Ironically, the track that K. Dot asks to be turned down is a Jay Z song - one of Reebok’s first partners in hip hop. According to Kendrick, Jay Z’s S. Carter Reebok from a decade ago had a tangential impact on him wanting to expand beyond music.

“If it wasn’t for Jay Z and 50 Cent venturing out and doing these things [10 years ago] it probably wouldn’t be rappers like us doing it today,” Kendrick said. “They stuck their foot out there first and led the way for us being our own entity with brands.”

Reebok, one that’s never been shy to put big bets on musicians and artists, made its deal with Kendrick official last week. In an era in sneakers where every other artist from Kanye West to Tyga are getting some type of sneaker deal, Kendrick was one of the last ones left to not have his likeness attached to a brand, or any other consumer company for that matter.

So why would Kendrick, a big name that gets offered endorsement deals left and right, want to link up with Reebok? 

The brand hasn’t had the best of times. This past year, it dropped the Classic vector logo on new products to focus more on the Crossfit and the UFC, trimmed down to less than a handful of players wearing Reeboks in the NBA, and rumors have been swirling for months about the brand getting sold by its parent company, adidas.

Surprisingly, the rapper says one of the biggest reasons he chose the brand is because Reebok cared less about him selling a ton of sneakers, but more about being able to move a new generation of fans. 

“A lot of times you look at brands stuffing a shoe in your face like, ‘Buy these,’ but with me it’s more of a deeper connection with the community rather than just seeing my face on TV,” Kendrick said.

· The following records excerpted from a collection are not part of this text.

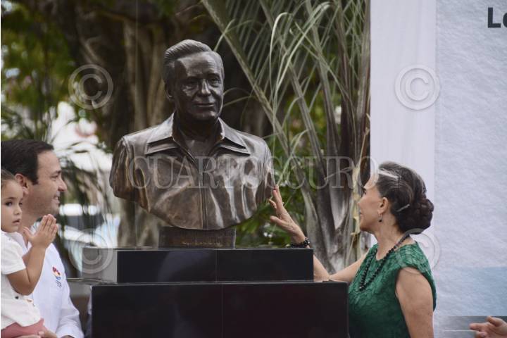 CANCÚN, QUINTANA ROO, 09JUNIO2016.- Florinda Meza encabezó la develación de un busto de quien fuera su esposo Roberto Gómez Bolaños (1929-2014), el humorista vivió y murió en esta destino turístico, después de que los médicos le recomendarán vivir a nivel de mar por sus problemas de salud. El busto se encuentra en la explanada del Palacio Municipal. FOTO: ELIZABETH RUIZ /CUARTOSCURO.COM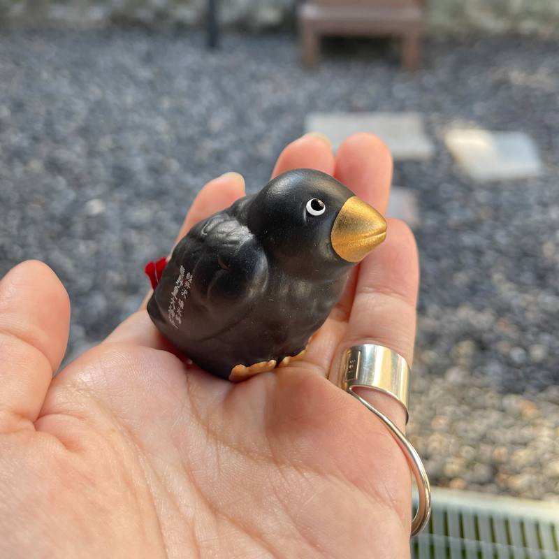 陶器で出来た八咫烏みくじを購入したのですが、ころんとしたフォルムでそのまま部屋にも飾れてかわいい…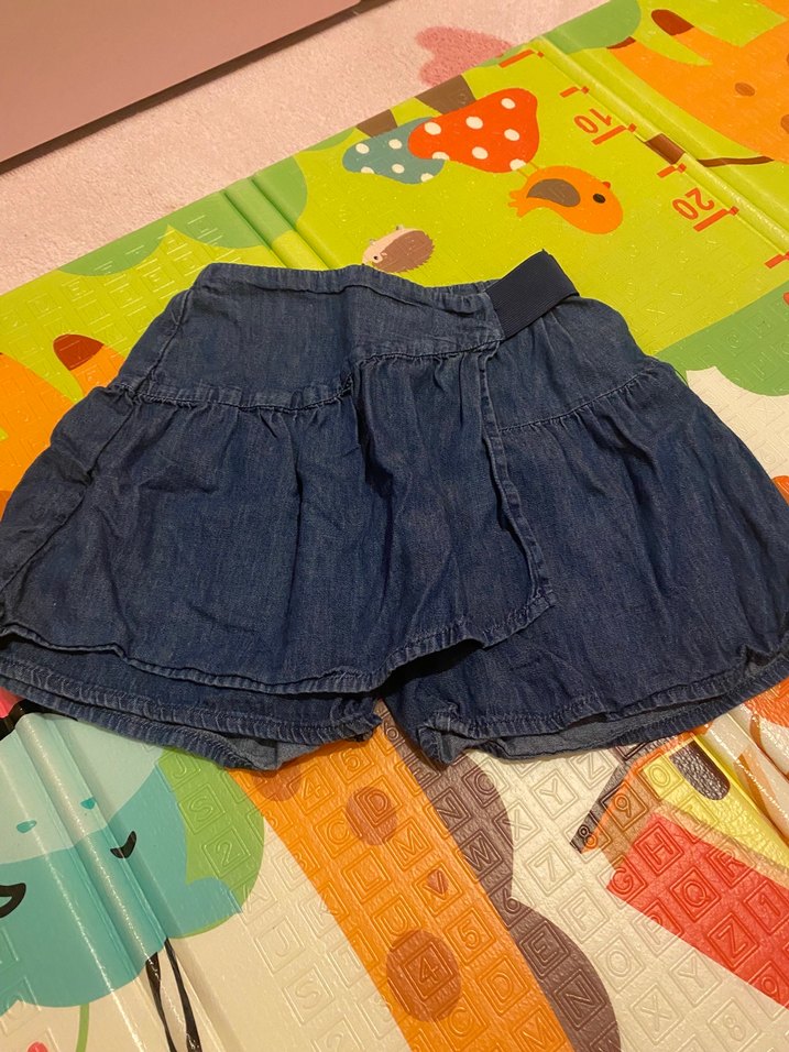 Renkli mavi denim kumaştan, bol kesim ve pilili tasarıma sahip kız çocuk şort etek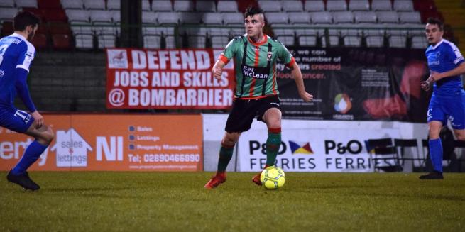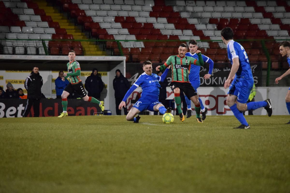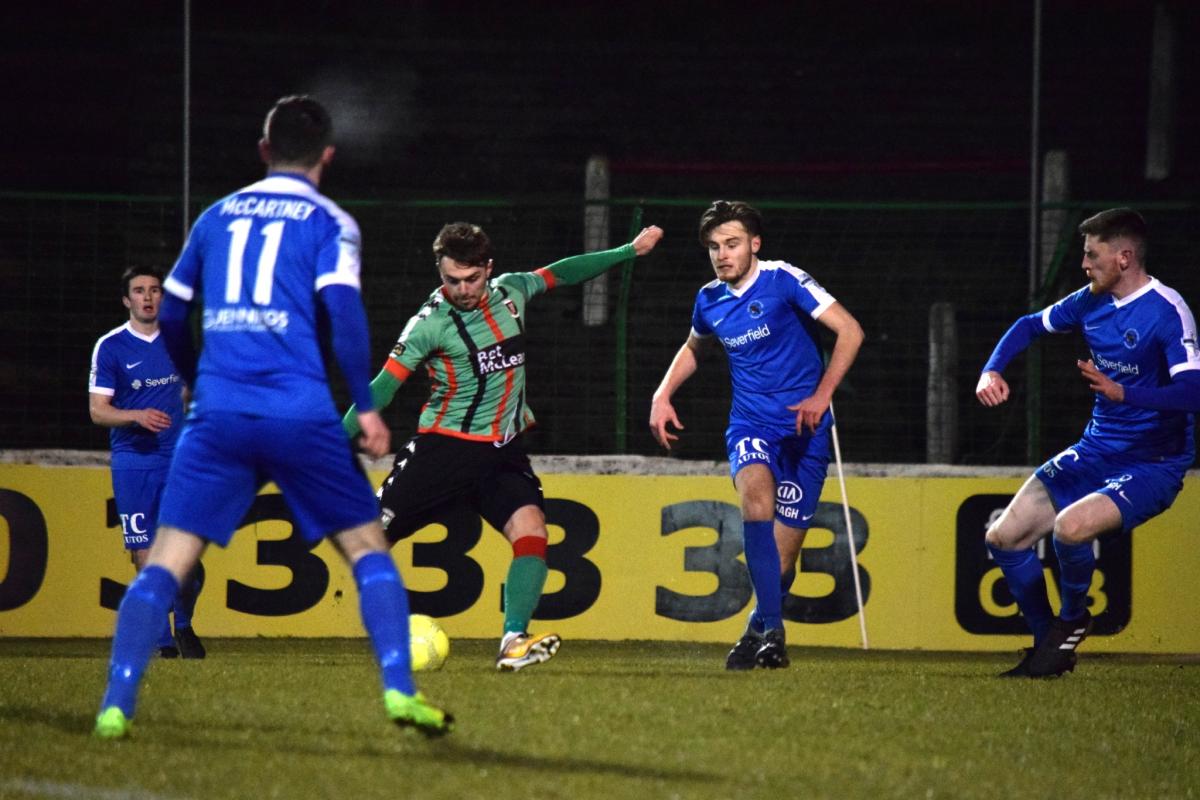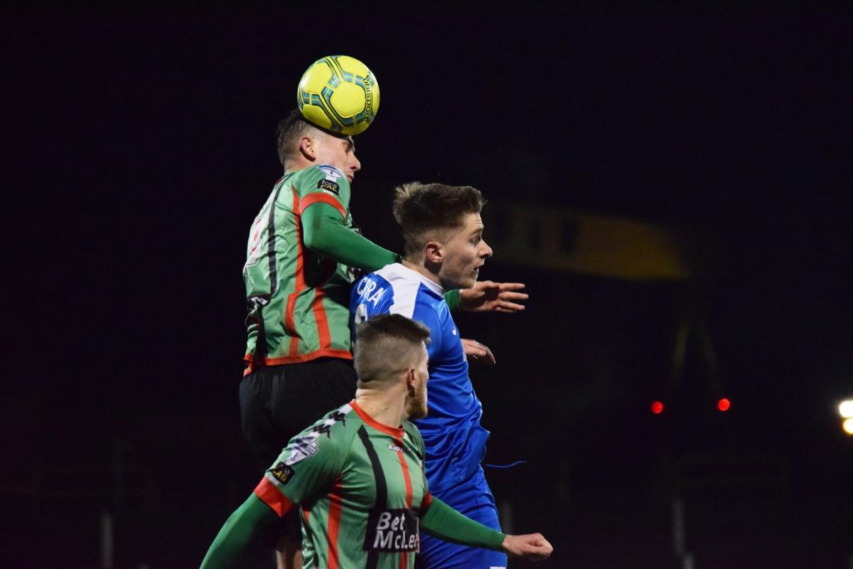 Two second half goals were enough to give Glentoran three points in a scrappy encounter with Ballinamallard United on a bitterly cold night at The Oval. Goals from Willie Garrett and Curtis Allen were enough to overcome Sean Noble’s first half opener. Glentoran made one change to the side that won 4-0 at Ballyclare Comrades on Saturday with James Knowles coming in for the suspended Dylan Davidson. On a frosty night the game started slowly with both teams looking cautious early on. Five minutes in Glentoran thought they had the lead as a long ball saw Curtis Allen outmuscle the last defender and lob the ball neatly over Richard Brush into the net, only to see Ian McNabb deem his contact with the defender to have been a foul. The visitors were next to threaten when a defensive lapse from Birney let Joshua McIlwaine in but he dragged his shot harmlessly wide of Morris’ post. Willie Garrett and Peter McMahon then went close for Glentoran, Garrett volleying over after a short corner and McMahon heading wide from a neat Curtis Allen cross as both teams found it difficult to create chances in the opening half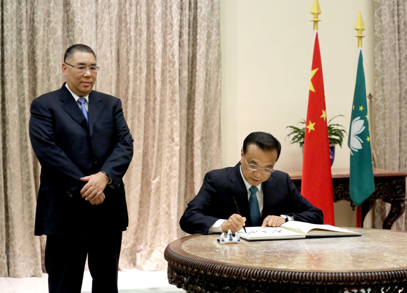 【李克強視察澳門特區(qū)政府總部并聽取匯報】李克強總理10日下午視察澳門特區(qū)政府總部,與特區(qū)政府主要官員合影,并在嘉賓簽名冊上簽名。在聽取崔世安行政長官及特區(qū)政府5位司長的工作匯報后,李克強作了重要講話。他說,中央政府最近根據(jù)新形勢下澳門發(fā)展的新需求,提出了多項惠澳政策。

The rapper’s deal with Reebok was over a year and a half in the making. Kendrick won’t strictly be playing the standard “global ambassador” role in the Reebok’s campaign for the 25th anniversary of the Ventilator next March, but he’ll be designing his own stuff too. But don’t expect to see that any time soon, according to the brand’s vice president Todd Krinsky.

“What we want to do on this project is not only collaborate on product, but inspire people. Most of the conversations that we have together are about how can we do that?” said Krinsky, adding Kendrick-designed Reeboks will probably drop in the back part of 2015. “It’s less about shoes, that’s an important part of the culture and we’re going to do that,  but its like how can we really inspire this generation to do different things.”

Kendrick’s personal end goal for attaching his name to Reebok: elevate the brand’s stature in culture, much like Jay Z and 50 Cent’s lines with the brand did a decade ago. Since the S. Carter and the G-Unit sneaker, there’ve been other entertainer alignments, a lot of which really came to peak for Reebok when Swizz Beatz came on board to become the brand’s creative director in 2010. 

Then there was that whole Rick Ross debacle, where the rapper was signed and dropped by the brand over controversial rap lyrics (Ross still does faithfully rep the brand despite having to publicly cut ties with them).  This is an outcome that Kendrick is well aware of.

“I can’t really speak on what another artist has done. I’m sure they have brought their unique views and lifestyles to the brand,” he said, adding that he’s learned from the missteps of other botched rapper and brand alignments. “We were the kids looking up to what Jay Z and G Unit and others did and the mistakes they may have made in the process of doing that, so we know.”  

Still, Kendrick doesn’t see himself as an ambassador or a designer. He’s just.. Kendrick.

“We are creators and we have become businessmen,” Kendrick said.  “Now we’re putting our own perspective and our own spins on brands I think that’s exactly what’s happening right now.”